UniSpeechSat Model with a language modeling head on top for Connectionist Temporal Classification (CTC). UniSpeechSat was proposed in wav2vec 2.0: A Framework for Self-Supervised Learning of Speech Representations by Alexei Baevski, Henry Zhou, Abdelrahman Mohamed, Michael Auli.

This model inherits from PreTrainedModel. Check the superclass documentation for the generic methods the library implements for all its model (such as downloading or saving etc.).

This model is a PyTorch torch.nn.Module sub-class. Use it as a regular PyTorch Module and refer to the PyTorch documentation for all matter related to general usage and behavior.

forward < > expand 

( input_values attention_mask = None output_attentions = None output_hidden_states = None return_dict = None labels = None ) CausalLMOutput or tuple(torch.FloatTensor)

The UniSpeechSatForCTC forward method, overrides the __call__ special method.

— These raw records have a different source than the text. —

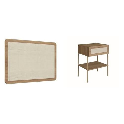 O Conjunto de Cabeceira e Mesa de Cabeceira Oslo é confeccionada em MDP com acabamento BP e aplique de tela sintética. Conjunto perfeito para complementar a decoração e organização do seu dormitório. Traz como característica um traço artesanal, suave e acolhedor. Com design escandinavo minimalista, remete em suas linhas retas a simplicidade, charme e funcionalidade que sua casa merece. Composta com uma paleta de cores neutras, onde refletem as paisagens nas quais a linha foi inspirada, tornando-se assim a opção ideal para um ambiente com toque sofisticado e ao mesmo tempo aconchegante. Altura do Conjunto: 60 cm Ambiente: null Ambiente Principal: Quarto Cor: Hanover/Dourado Informação Complementar: 1x Mesa de Cabeceira 1 Gaveta Palhinha Pé Metal Dourado Oslo Hanover/Dourado Largura: 48 cm Altura: 60 cm Peso: 7,5 kg Profundidade: 37,5 cm Necessita Montagem: Sim
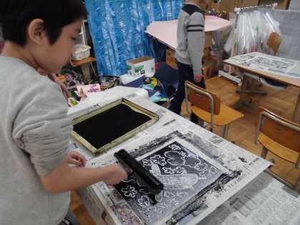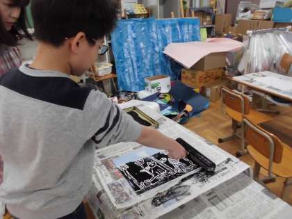 3くみは はんがに インクをつけました。
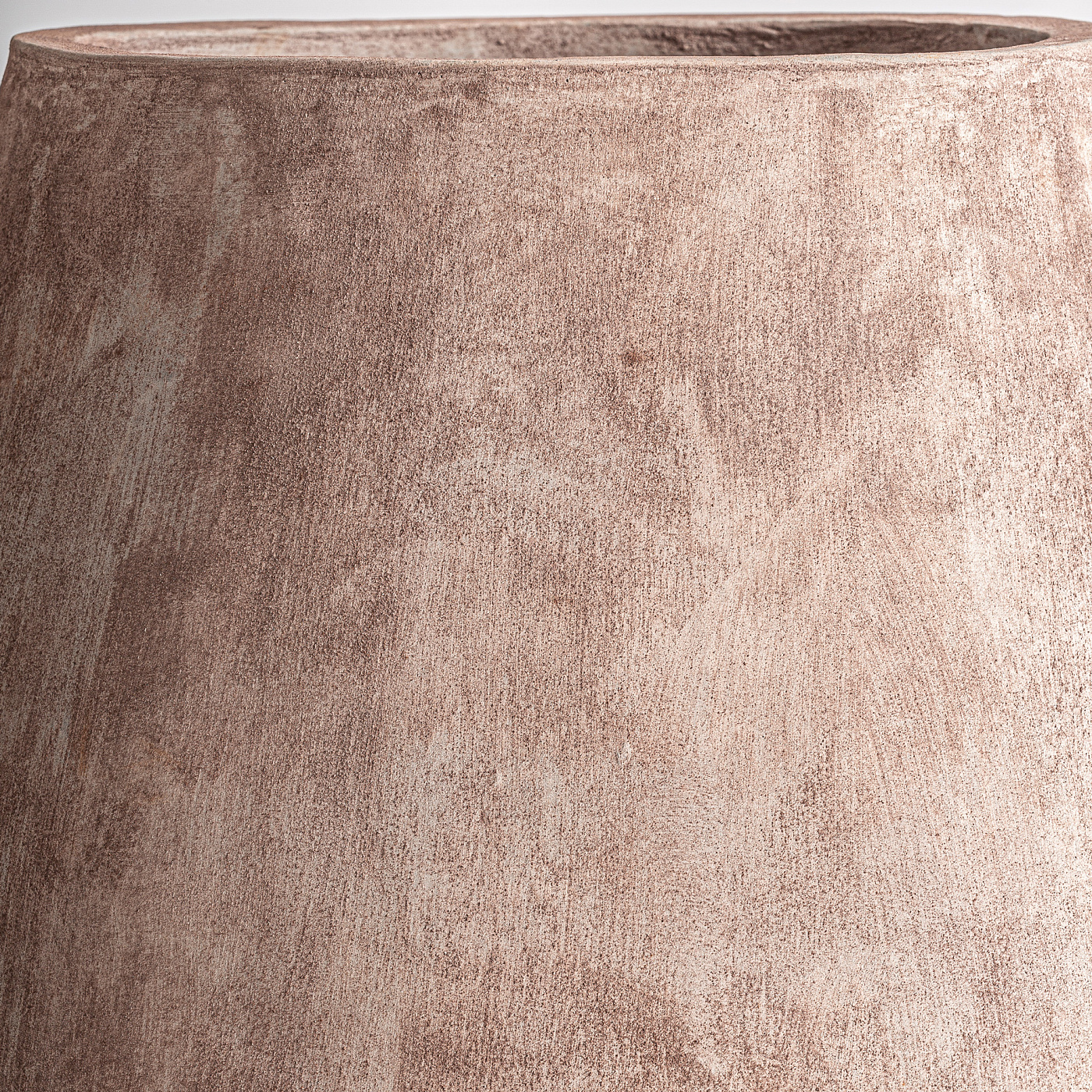 Ваза, выполненная из цемента бледно-розового цвета в сочетании со стекловолокном. Ширина: 55 см, Глубина: 55 см, Высота: 60 см
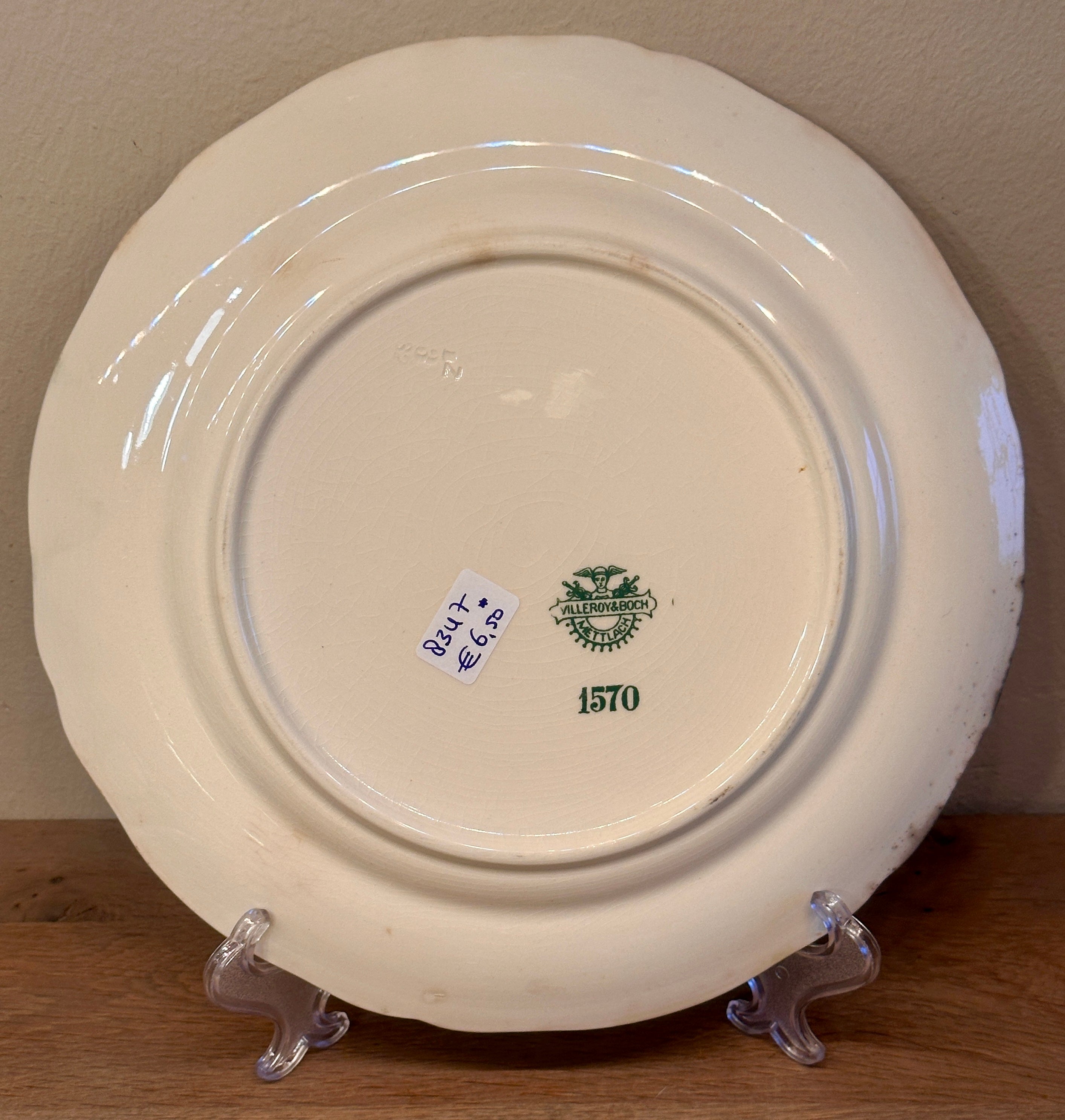 Bord / Sierbord - Villeroy & Boch Mettlach - décor PHOENIX van paradijsvogels - decornr. 1570 - uitgevoerd in rood, blauw, geel en groen met rode filetrand op geschulpte rand - tussen 1966-1992 gemaakt
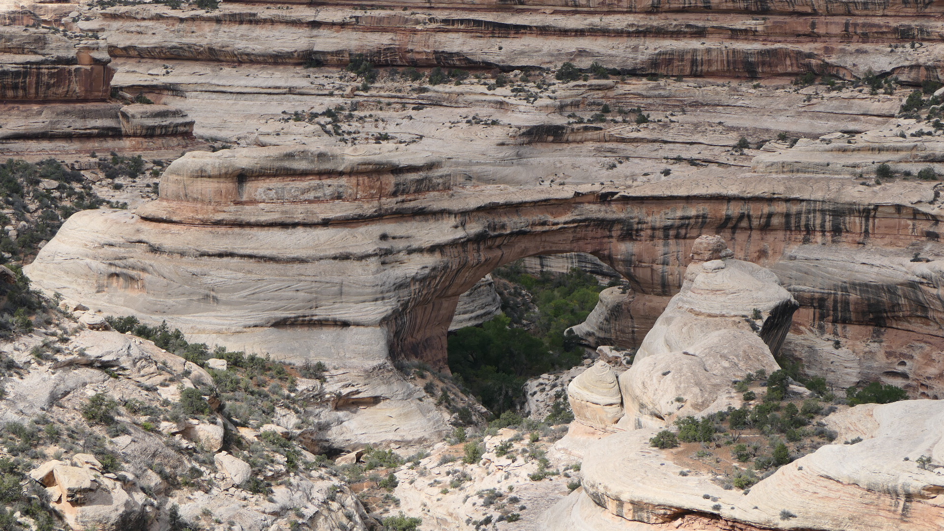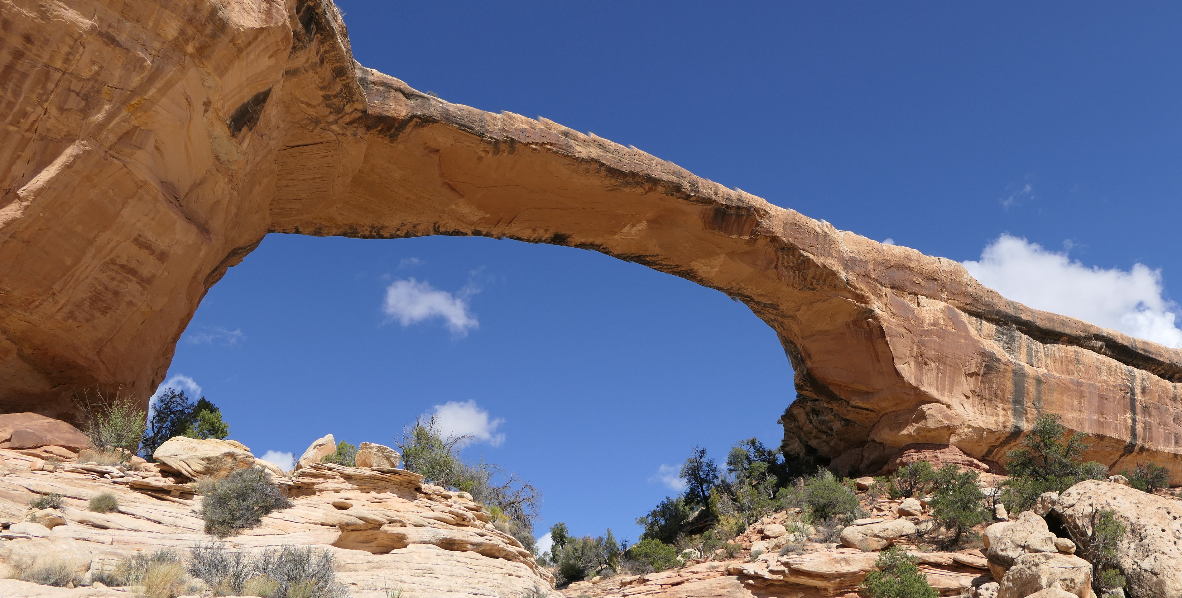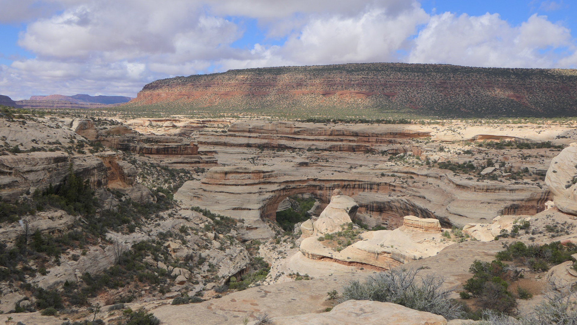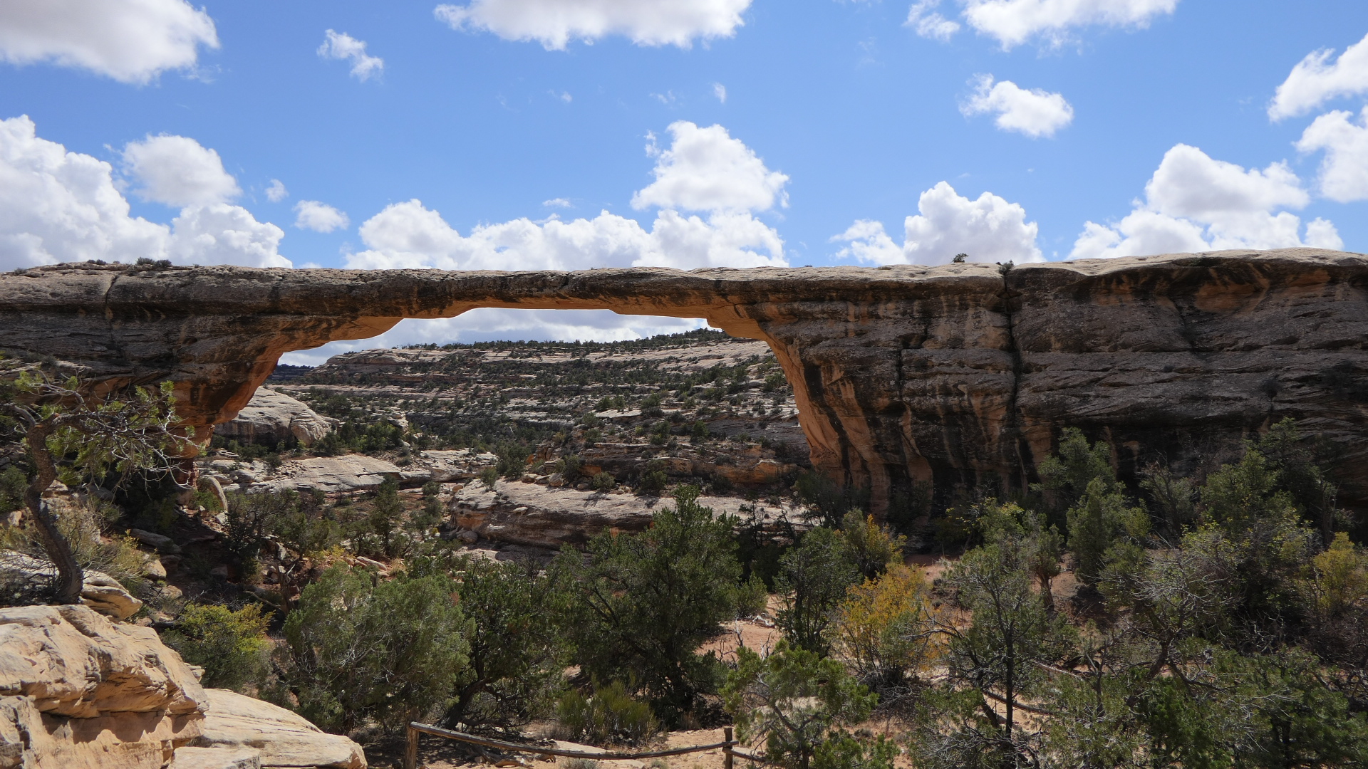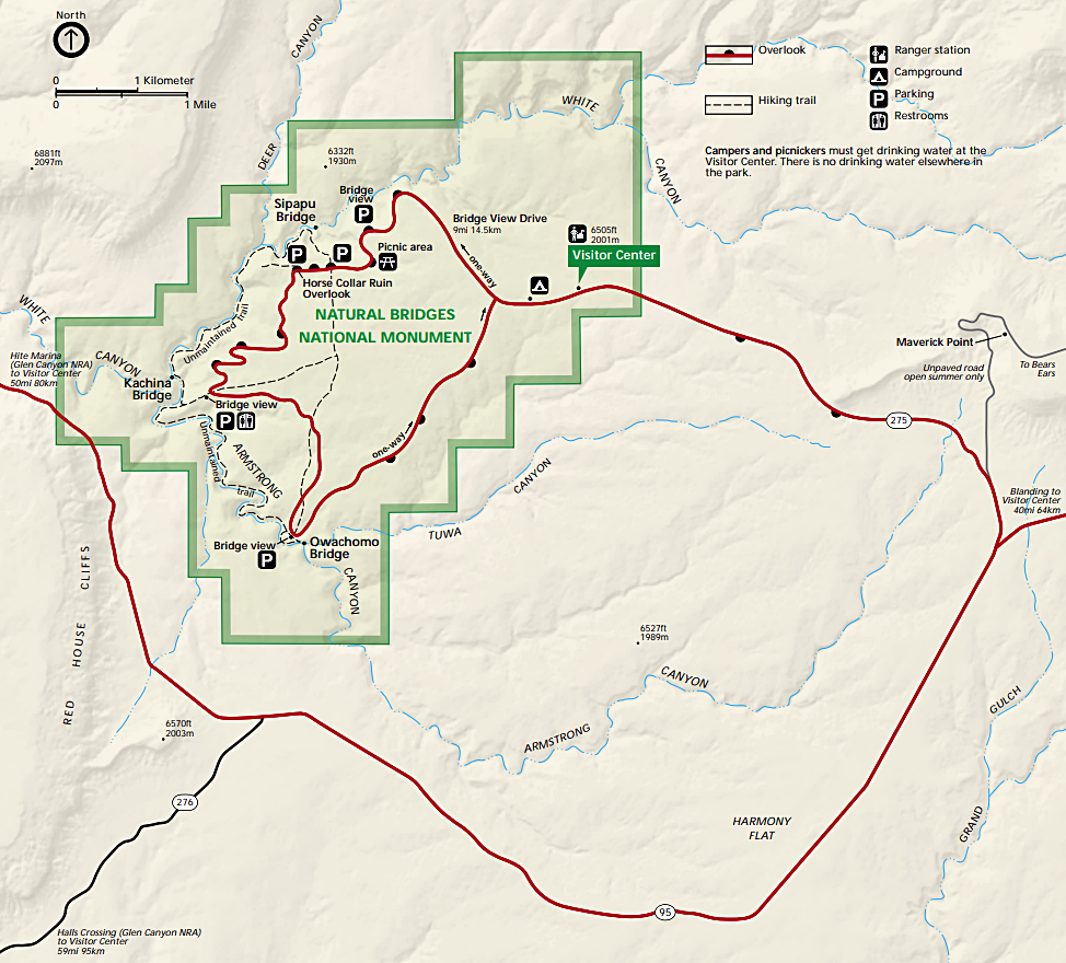 아치는 주로 얼고 녹는 과정이 반복되며 일어나는 풍화작용에 의해 형성되고 브리지는 흐르는 물에 의한 침식작용에 의해서 만들어진다. 따라서 브리지는 물이 흐르던 협곡에 주로 있고 아치는 불쑥 튀어나와 덩그마니 있다. Natural Bridges 일대의 지질은 흰색을 띤 Permian Sandstone으로 브리지가 있는 협곡의 이름도 White Canyon이다. 현재 White Canyon은 우기를 제외하고는 아주 적은 양의 물이 흐르고 있다. Natural Bridges National Monument는 약 9 mile 길이의 일방통행인 Bridge View Drive로 한바퀴 돌 수 있다. 이 곳에는 3개의 브리지가 있으며 각 브리지 앞에 주차장이 따로 있고 전망대와 trail head가 있다. 참고로 이런 자연 지형지물의 높이, 길이, 폭 등 크기에 관한 측정기준은 좀 애매한 편이다. 그래서 미국 국립공원과 Natural Arch and Bridge Society에서 발표한 숫자에 약간씩의 차이가 있으며 그에 따라 순위에도 차이가 있다. 이 글에서는 Natural Arch and Bridge Society가 발표한 순위만 소개한다.
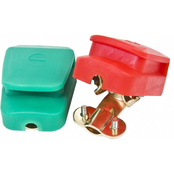 Akuklemmide komplet. Lihtne surulukustuse süsteem, mis ühtlasi katab akuklemmi plastkaanega. Soovitame kasutamiseks akudel, mis tihti jäävad seisma ja mõistlik oleks akuklemmid akult lahti võtta.
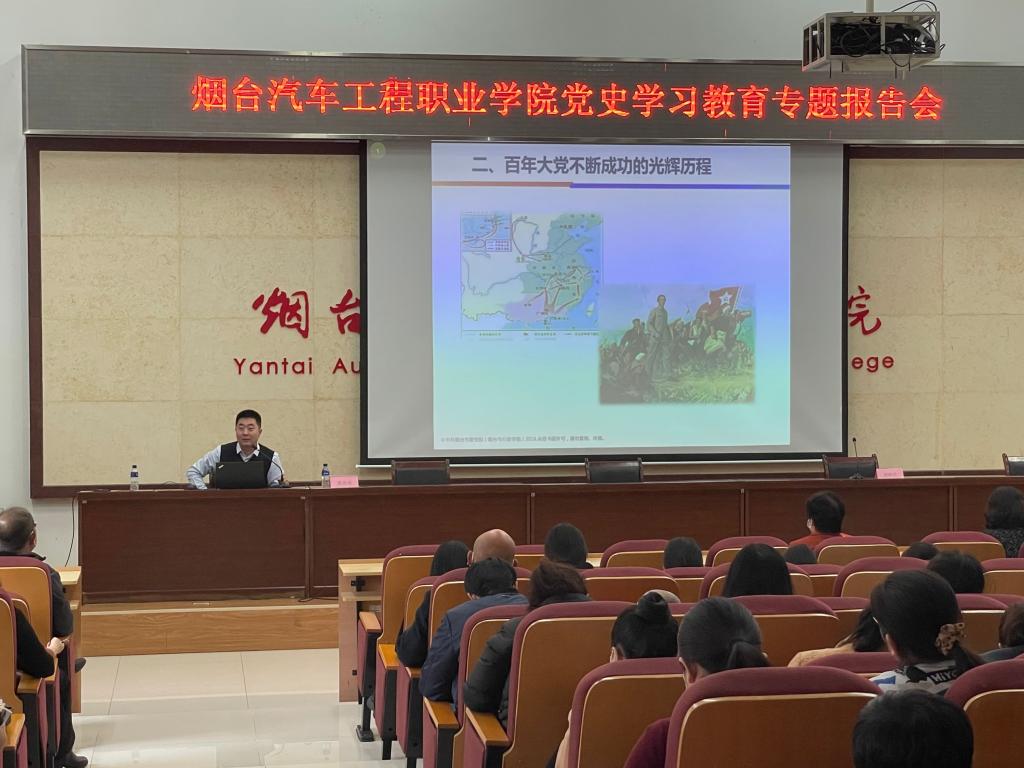 11月25日下午,机电工程系党总支邀请市委党校陈海涛教授作《中国共产党的奋斗历程与初心使命》专题讲座。机电工程系副主任谢丽君主持会议,学院党委书记李翠玲、机电工程系党总支全体党员及其他各党总支党员代表参加学习。
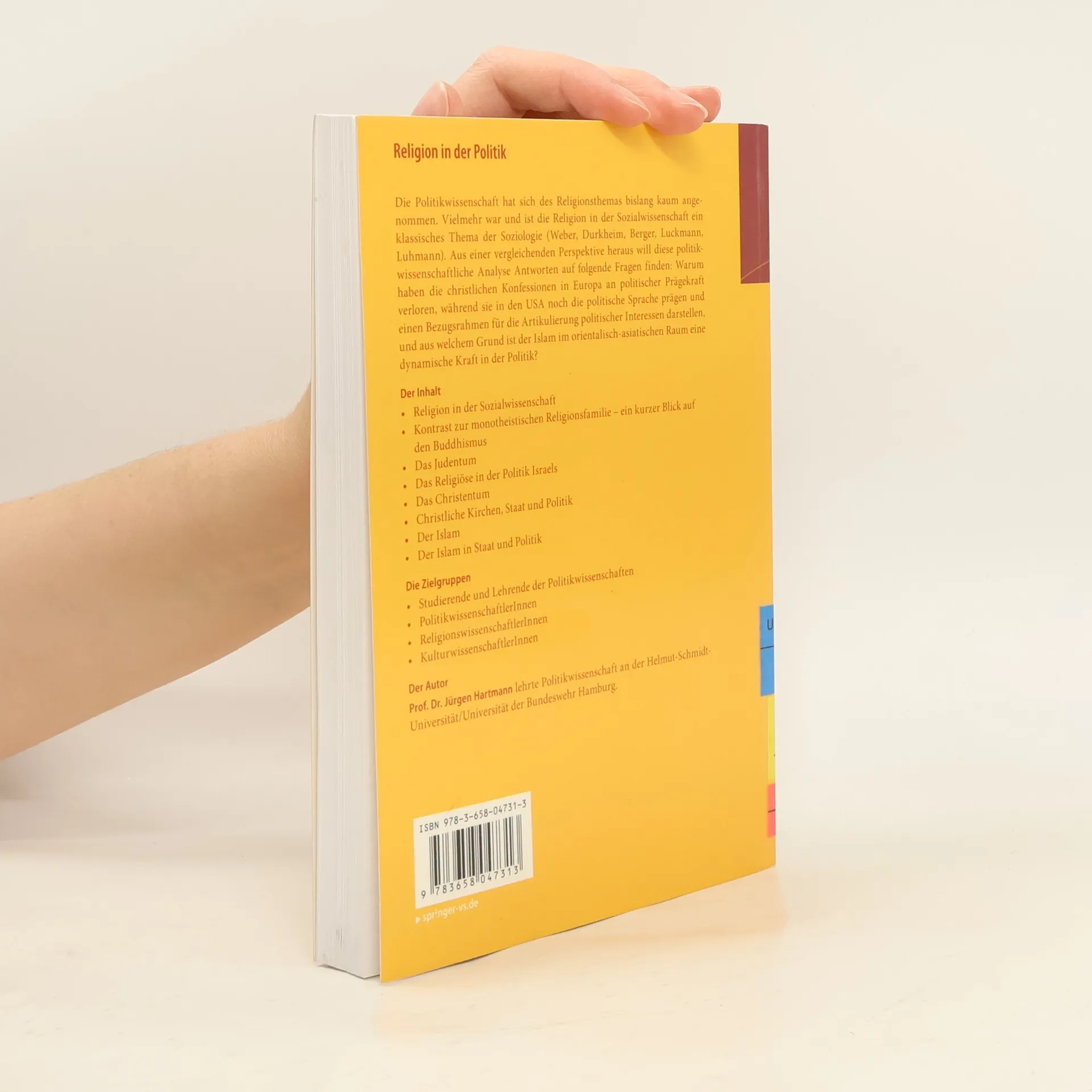 Die Politikwissenschaft hat sich des Religionsthemas bislang kaum angenommen. Vielmehr war und ist die Religion in der Sozialwissenschaft ein klassisches Thema der Soziologie (Weber, Durkheim, Berger, Luckmann, Luhmann). Aus einer vergleichenden Perspektive heraus will diese politikwissenschaftliche Analyse Antworten auf folgende Fragen finden: Warum haben die christlichen Konfessionen in Europa an politischer Prägekraft verloren, während sie in den USA noch die politische Sprache prägen und einen Bezugsrahmen für die Artikulierung politischer Interessen darstellen, und aus welchem Grund ist der Islam im orientalisch-asiatischen Raum eine dynamische Kraft in der Politik.

Although the recipe for forward pass needs to be defined within this function, one should call the Module instance afterwards instead of this since the former takes care of running the pre and post processing steps while the latter silently ignores them.

Example:

>>> from transformers import Wav2Vec2Processor, UniSpeechSatForCTC
>>> from datasets import load_dataset
>>> import torch

>>> dataset = load_dataset("hf-internal-testing/librispeech_asr_demo", "clean", split="validation")
>>> sampling_rate = dataset.features["audio"].sampling_rate

>>> processor = Wav2Vec2Processor.from_pretrained('microsoft/unispeech-sat-base-plus')
>>> model = UniSpeechSatForCTC.from_pretrained('microsoft/unispeech-sat-base-plus')

>>> # audio file is decoded on the fly
>>> inputs = processor(dataset[0]["audio"]["array"], sampling_rate=sampling_rate, return_tensors="pt")
>>> logits = model(**inputs).logits
>>> predicted_ids = torch.argmax(logits, dim=-1)

>>> # transcribe speech
>>> transcription = processor.batch_decode(predicted_ids)

>>> # compute loss
>>> with processor.as_target_processor():
...     inputs["labels"] = processor(dataset[0]["text"], return_tensors="pt").input_ids

>>> loss = model(**inputs).loss

UniSpeechSatForSequenceClassification

class transformers.UniSpeechSatForSequenceClassification < > expand 

( config )

UniSpeechSat Model with a sequence classification head on top (a linear layer over the pooled output) for tasks like SUPERB Keyword Spotting.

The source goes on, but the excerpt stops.